/---

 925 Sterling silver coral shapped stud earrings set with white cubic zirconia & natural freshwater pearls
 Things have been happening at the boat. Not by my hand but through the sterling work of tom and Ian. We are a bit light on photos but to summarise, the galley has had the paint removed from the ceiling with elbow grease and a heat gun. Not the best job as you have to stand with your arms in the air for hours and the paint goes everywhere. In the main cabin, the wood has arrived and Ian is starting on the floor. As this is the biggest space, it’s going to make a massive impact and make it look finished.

\---
/---

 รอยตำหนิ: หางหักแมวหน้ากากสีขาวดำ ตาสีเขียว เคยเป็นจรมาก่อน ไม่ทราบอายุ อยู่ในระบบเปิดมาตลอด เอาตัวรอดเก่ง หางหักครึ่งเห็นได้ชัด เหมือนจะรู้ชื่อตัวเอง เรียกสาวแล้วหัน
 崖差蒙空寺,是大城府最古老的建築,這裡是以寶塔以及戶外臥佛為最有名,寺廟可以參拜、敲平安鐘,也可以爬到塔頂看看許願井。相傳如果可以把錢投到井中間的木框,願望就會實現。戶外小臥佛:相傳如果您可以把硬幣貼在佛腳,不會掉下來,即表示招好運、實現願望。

\---

TASK OBJECTIVE.
Set down, from the entries above, exactly the lines from the one with "925 Sterling silver" up to and including the one with "Things have been", and no other lines.

RESPONSE FOR THIS EXERCISE.
 925 Sterling silver coral shapped stud earrings set with white cubic zirconia & natural freshwater pearls
 Things have been happening at the boat. Not by my hand but through the sterling work of tom and Ian. We are a bit light on photos but to summarise, the galley has had the paint removed from the ceiling with elbow grease and a heat gun. Not the best job as you have to stand with your arms in the air for hours and the paint goes everywhere. In the main cabin, the wood has arrived and Ian is starting on the floor. As this is the biggest space, it’s going to make a massive impact and make it look finished.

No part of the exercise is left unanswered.